La tienda de mobiliario MINIM, con apoyo del estudio de interiorismo Vilablanch, ha rescatado ahora el último proyecto de José Antonio Coderch, «La herencia», que estuvo décadas perdido. Lo expone en su sede en la Vía Augusta, 185, de Barcelona. «La Herencia de Coderch» es el título de la exposición.

Además, MINIM ha producido un documental donde varios colaboradores de Coderch, junto a puñado de colegas y amigos, dibujan el perfil del arquitecto y el hombre. Se lo podrá ver este diciembre y el próximo enero cada martes. Y no deberían perdérselo. El documental se debe a idea original y guión de Pati Nuñez y Ginés Górriz y fue dirigido por Poldo Pomés.

Si alguien creía que la impronta de Cuba en la arquitectura de Barcelona se iba a quedar en el dinero que aquel López y López, y tantos otros, se trajeron a la ciudad gracias a la trata de negros, y la engrandeció y «ensanchó», ahora ya vemos que no. Ginés Górriz y Elina Vilá, dos cubanos y algunas cosas más, son los responsables, junto a su socia catalana Agnés Blanch, de haber devuelto a José Antonio Coderch a una sala de exposiciones, los periódicos y la memoria de un público más amplio que el de la profesión.

De contra:

Exposición “La Herencia de Coderch”. Un homenaje a José Antonio Coderch y de Sentmenat en el 101 aniversario de su nacimiento.

27 de noviembre de 2014 al 30 de enero de 2015.

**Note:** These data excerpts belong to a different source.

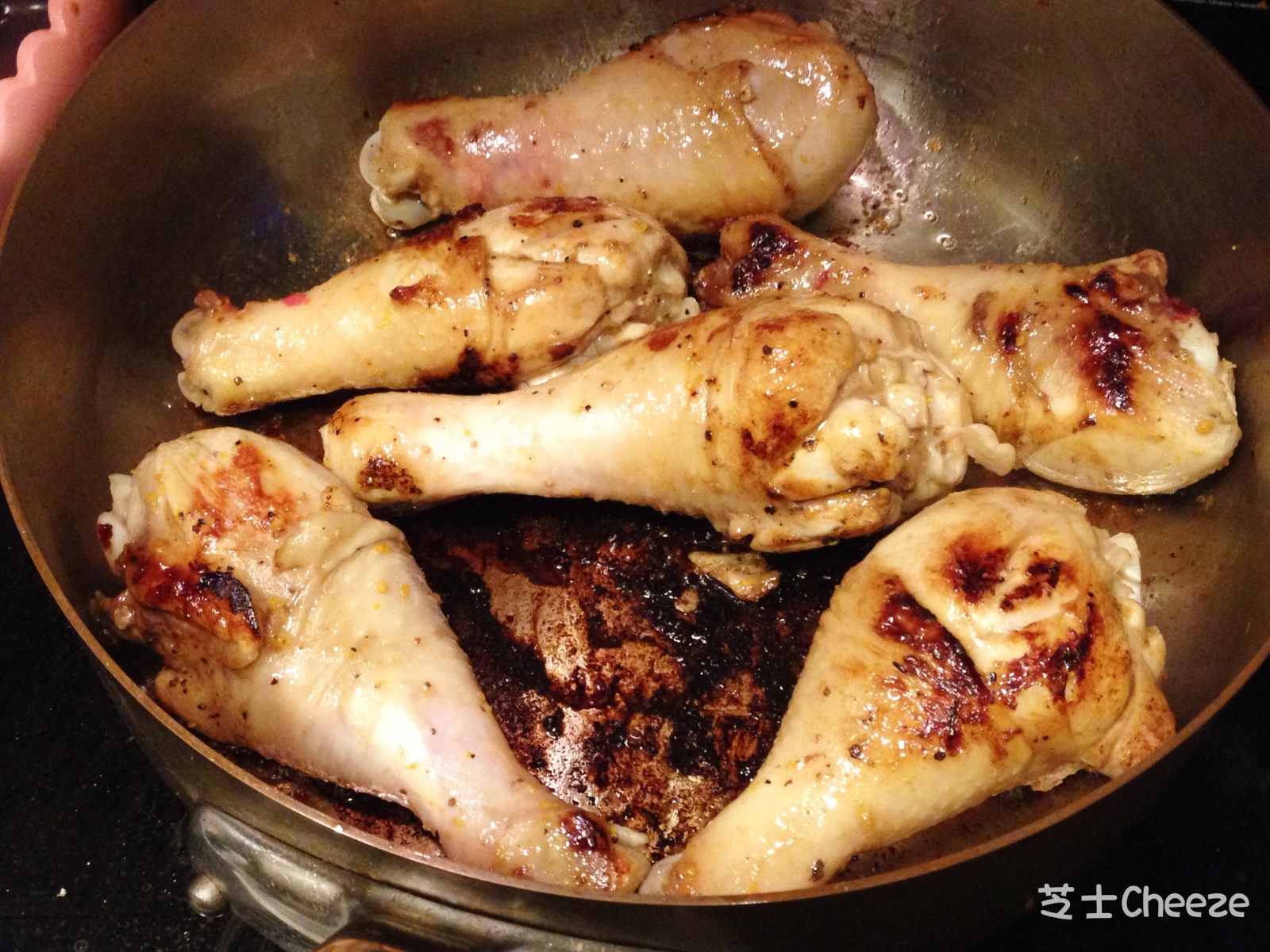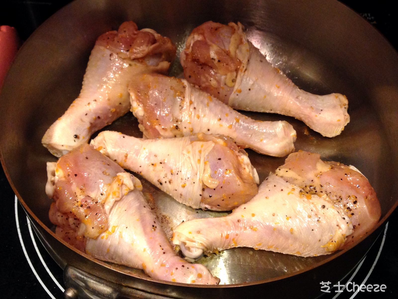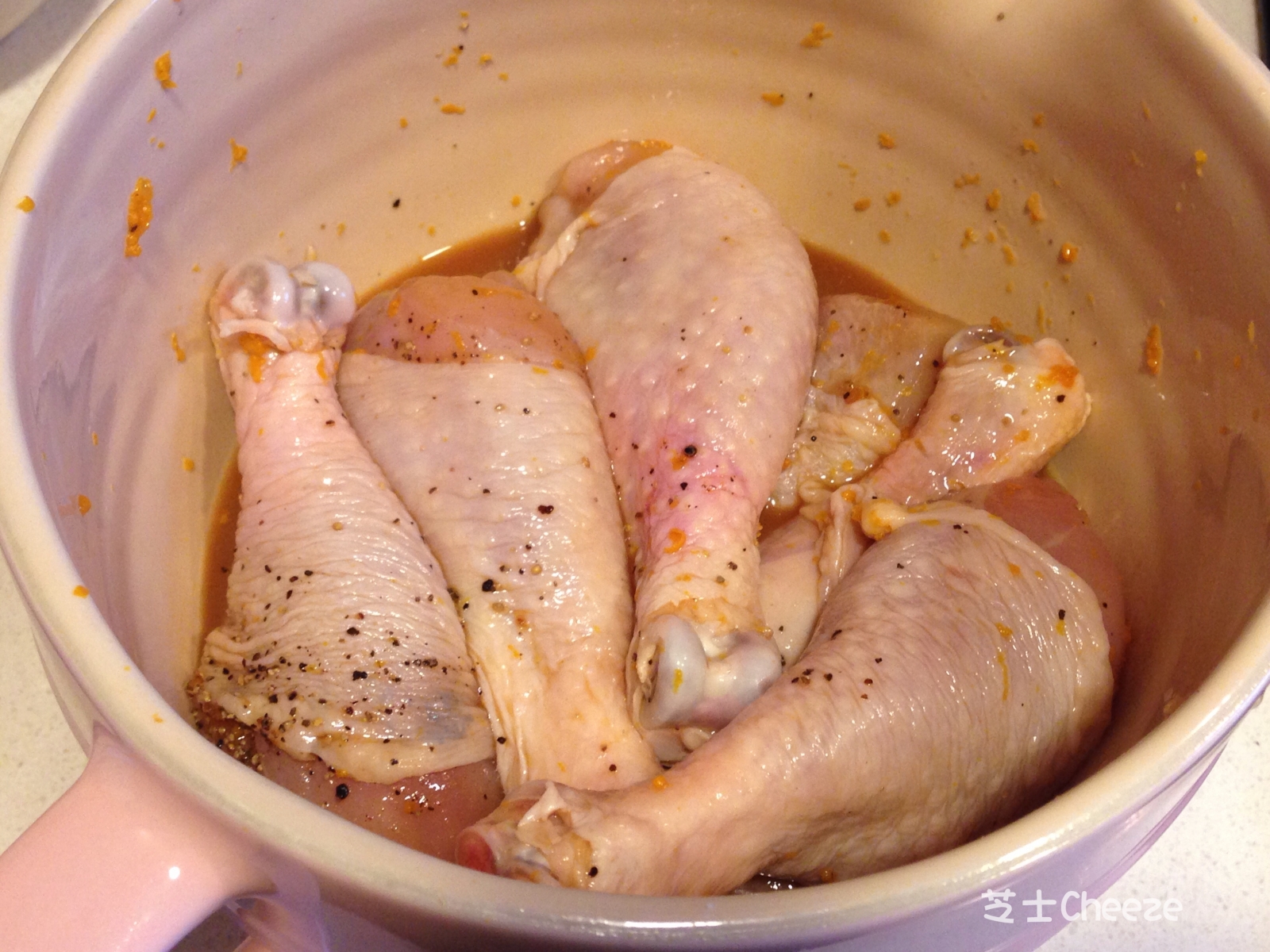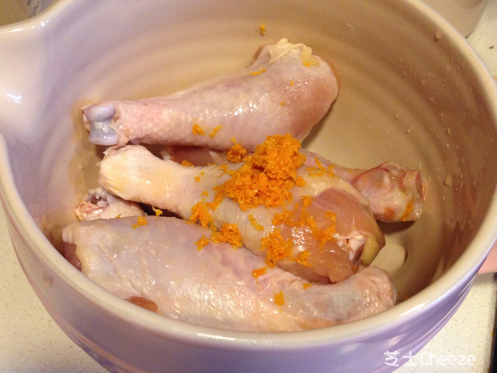2. 雞腿洗乾淨, 抹乾水份, 加入半個橙皮, 黑椒, 海鹽, 半個橙汁, 30ml砵酒醃最少半個鐘。(喜歡的話可用少許醬油同醃)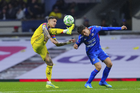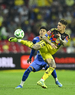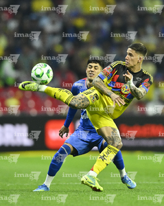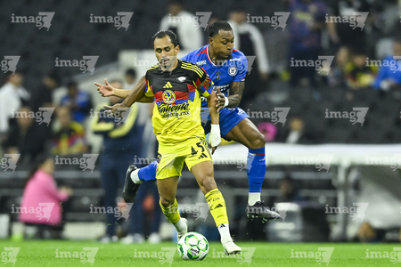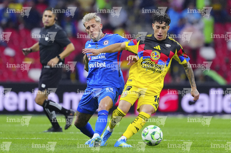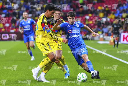 Ciudad de México, 11 de abril de 2026. Brian Rodríguez y Erik Lira, durante el partido correspondiente a la jornada 14 del torneo Clausura 2026 de la Liga BBVA MX, entre las Águilas del América y la Máquina Celeste del Cruz Azul, realizado en el estadio Banorte. Foto: Imago7/Etzel Espinosa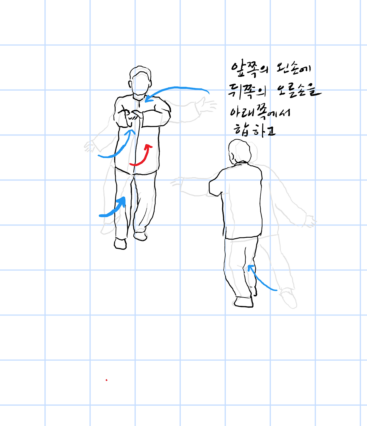 앞쪽의 왼손에 뒤쪽의 오른손을 아래쪽에서 합하고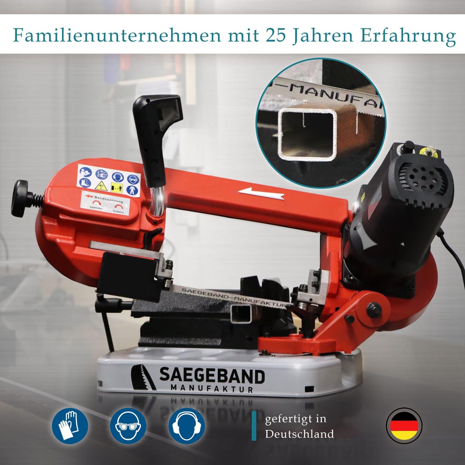 "✅ 25 YEARS OF EXPERIENCE: Manufactured by a German family-owned company with 25 years of experience in the bandsaw industry. Our bandsaw blades guarantee the highest reliability and are compatible with all major manufacturers.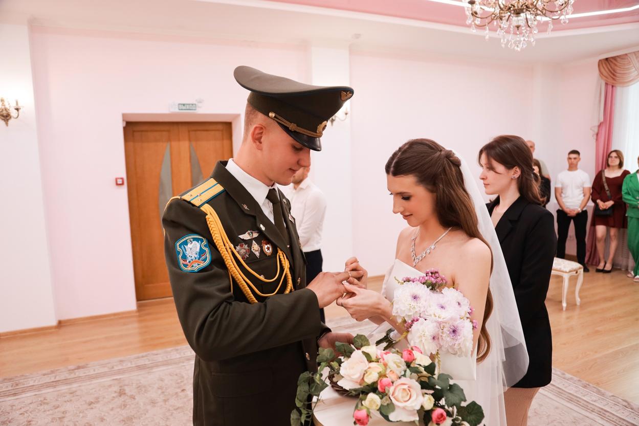 Предложение руки и сердца выпускник факультета военной разведки Военной академии Республики Беларусь, а ныне военнослужащий 103-й Витебской отдельной гвардейской воздушно-десантной бригады Даниил Луцейкович сделал своей избраннице в июне этого года, «вооружившись» букетом и кольцом. А заявление молодые люди подали в День десантников и сил специальных операций, 2 августа. Сначала побывали на службе у Даниила, праздничных мероприятиях в городе, посмотрели выступления голубых беретов, а затем красивые, нарядные и счастливые направились в отдел загса Витебского райисполкома.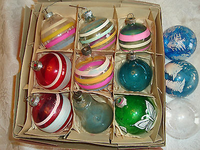 Lot of 12 Vtg WW 2 Unsilvered Christmas Ornaments 6 Pink Stripes, Bell, Stencil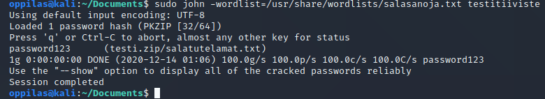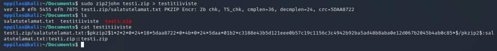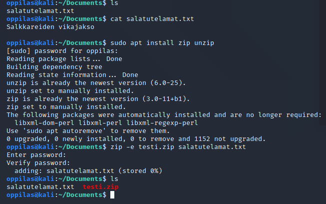 - Loin testi.zip -tiedoston, jonka suojasin salasanalla password123 –> zip -e testi.zip salatutelamat.txt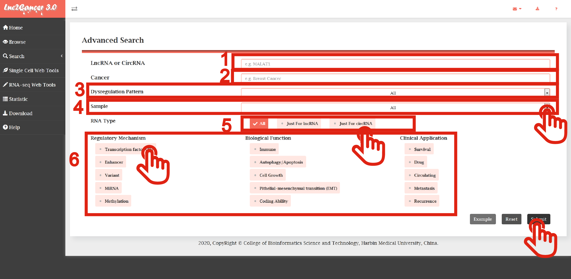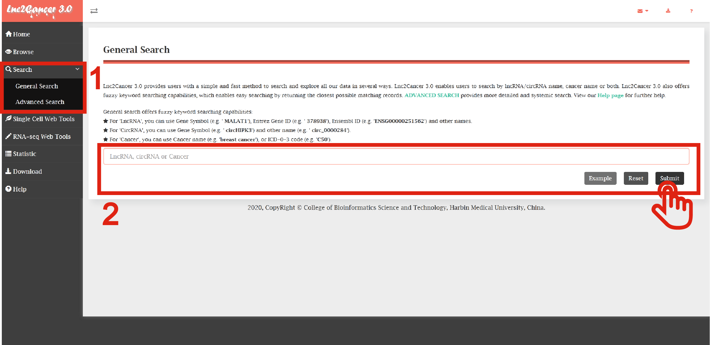 Lnc2Cancer 3.0 provides general search and advanced search. The Search page is displayed in Figure 3-1 and Figure 3-2: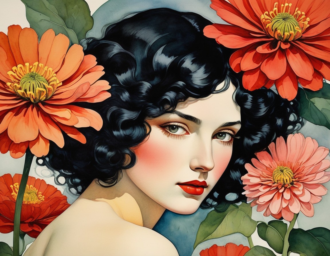 Beautiful woman emerging from a zinnia flower in the style of WALTER MARTIN BAUMHOFER and rené gruauwhimsical, beautiful, poignant, touching. colors, black. soft watercolor extra water in Art Deco by Annigoni, Egon Schiele, Milo Manara, Botticelli, Catrin Welz-Stein, Jean Metzinger, Klimt, perfect eyes, perfect hands face , highly detailed, complementary colors, hyper detailed. Watercolor and ink splatter, dynamic pose,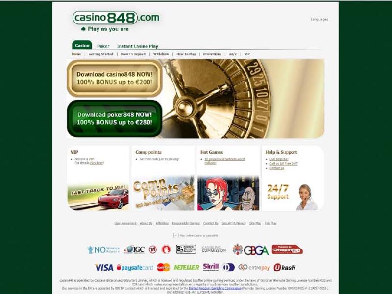 Casino 848 एक पूर्णतः लाइसेंस प्राप्त ऑनलाइन कैसीनो है और 888 होल्डिंग्स समूह का एक हिस्सा है। यह साइट कैसीनो के डाउनलोड करने योग्य और तुरंत खेलने योग्य, दोनों संस्करण प्रदान करती है। खिलाड़ियों को पंजीकरण पर स्वागत Bonus मिलता है और Live चैट, ईमेल या फ़ोन के माध्यम से 24 ग्राहक सेवा उपलब्ध है।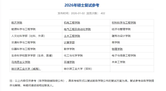哈尔滨工业大学航天学院、机电工程学院等部分学院已出复试参考。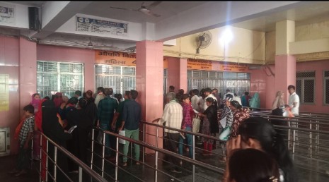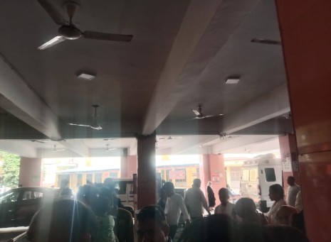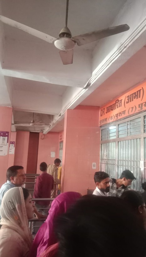 OPD के दौरान काउंटरों के बाहर पंखे बंद होने से दवा लेने पहुंचे मरीजों व तमीरदारों के छुटे पसीने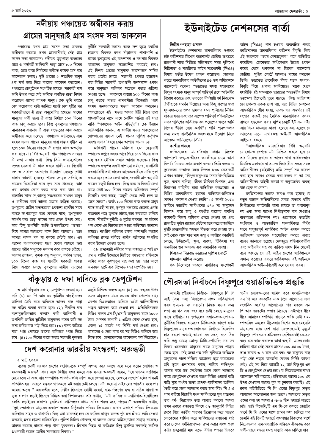 ৫ মার্চ ২০২০ সংখ্যা দেশব্রতী পৃ-৩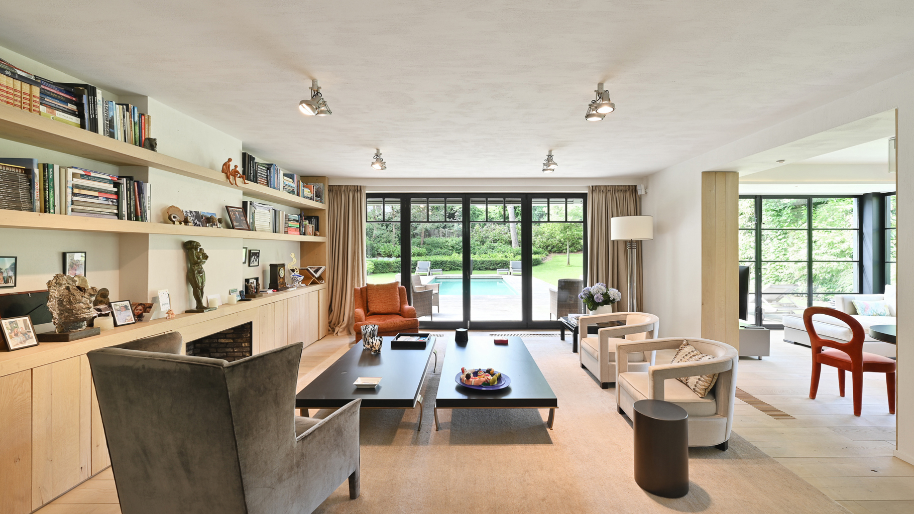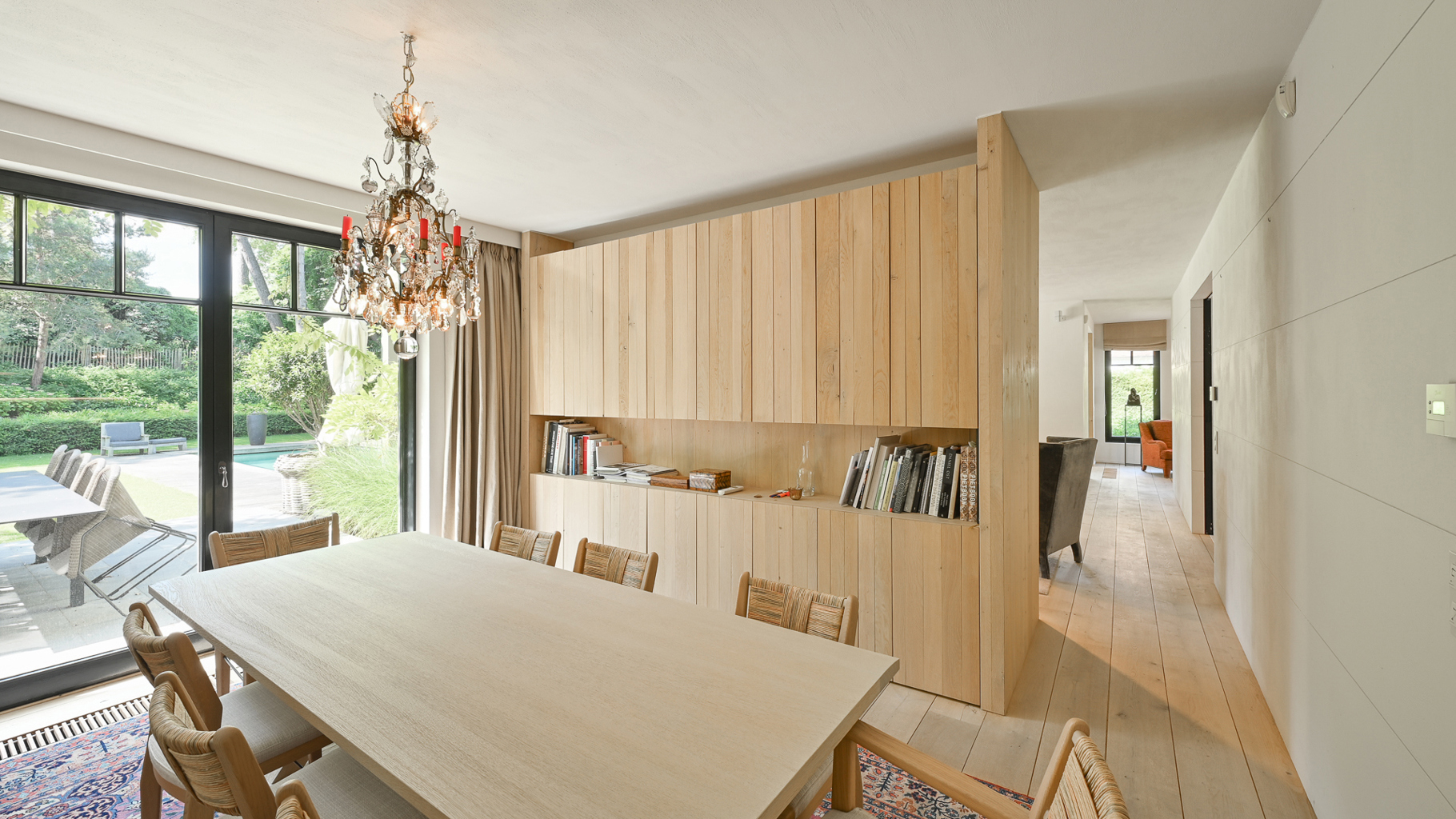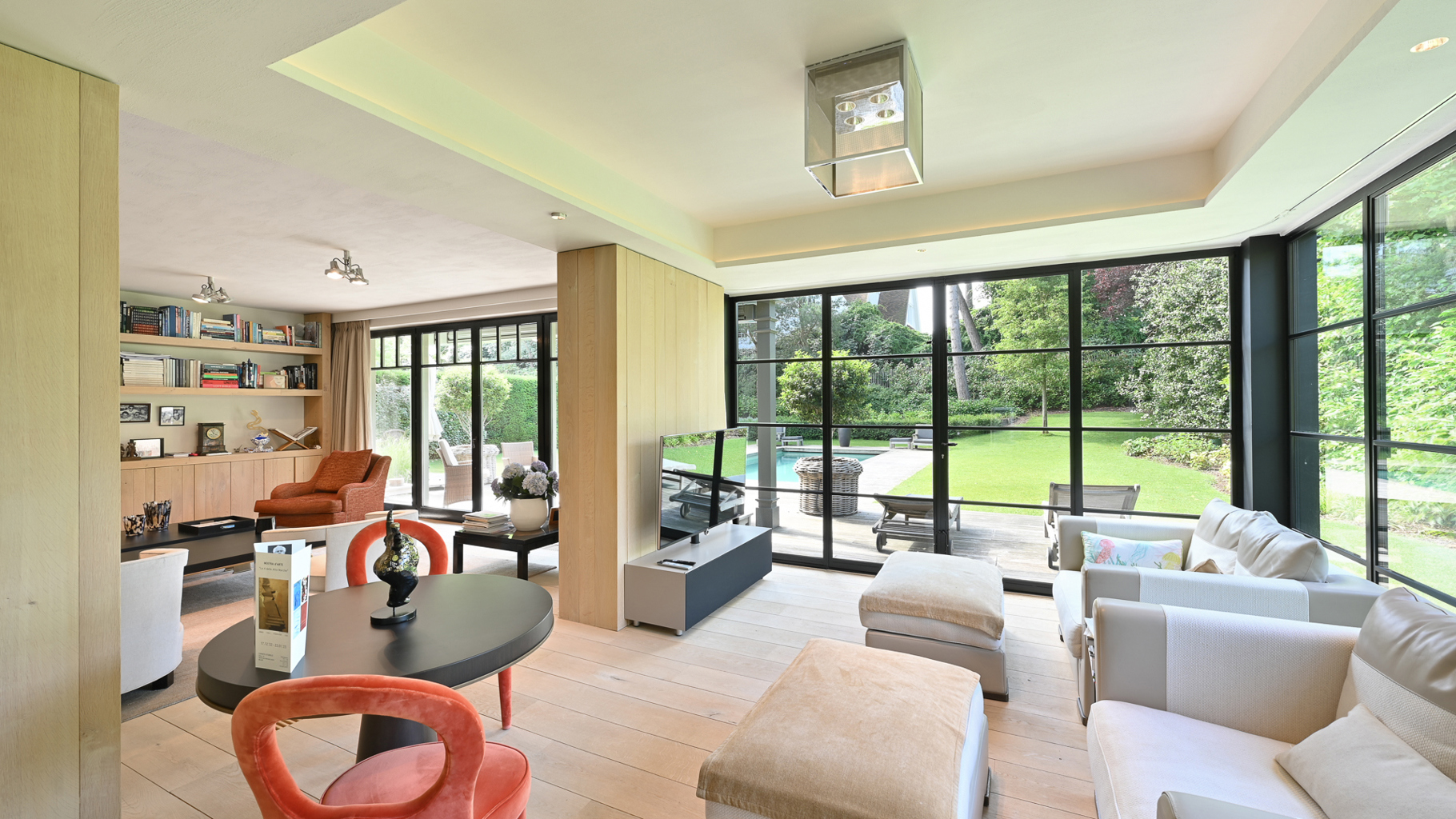 Klassevolle villa met prachtig aangelegde tuin en zwembad, rustig gelegen in een paadje hartje Zoute, op wandelafstand van de zee en de winkels. Indeling: inkom met vestiaire en wc. Lichtrijke leefruimte, uitgevend op zonnig terras en mooi aangelegde tuin met zwembad, bestaande uit een gezellig zitruimte met gashaard, tv- hoek, bureau met gashaard en eetplaats. Goed uitgeruste keuken met ontbijthoek. Op de eerste verdieping: master bedroom met terras, dressing en badkamer (bad, dubbele lavabo, douche, wc). 2de en 3de slaapkamer met tussenbeide praktische douchekamer. Studio/conciërgerie met aparte inkom via buitentrap, bestaande uit: vestiaire en wc. Woonkamer met open keuken. Douchekamer. Op de tweede verdieping: 2 ruime slaapkamers en 1 complete badkamer (bad, douche en dubbele lavabo). Apart toilet en technische ruimte. Inpandige dubbele garage en outdoor parking voor meerdere wagens. De villa is volledig onderkelderd en bestaande uit: vergaderzaal, polyvalente ruimte, technische ruimte, grote wasplaats en berging. Hoogwaardige afwerking, genesteld in het groen. Bezoek gaarne na afspraak in één van onze kantoren.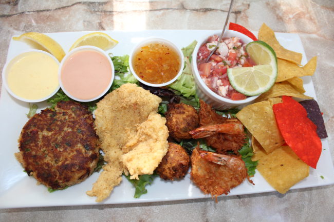 A platter that still brings salivation! Crab cake, coconut shrimp, cracked conch, ceviche of lobster and conch, conch fritters and mango sauces as well as other tropical dips.

Lunes a viernes, de 10 a 20 hrs.

Sábados de 10 a 14 hrs.

Próximas proyecciones y actividades:

Martes 23 y 30 de diciembre y 13, 20 y 27 de enero de 2015 a las 18 hrs., proyección del film “Recordando a Coderch” (67′) de Poldo Pomés.

Martes, 13 de enero de 2015.
18 h: proyección del film “Recordando a Coderch” (67′)de Poldo Pomés.
19:30 h: Mesa redonda “La Herencia de Coderch, el proyecto”. Con Jordi Badia, Josep Llinàs, Octavio Mestre, Jaume Prat y Elina Vilá. Modera Pati Núñez.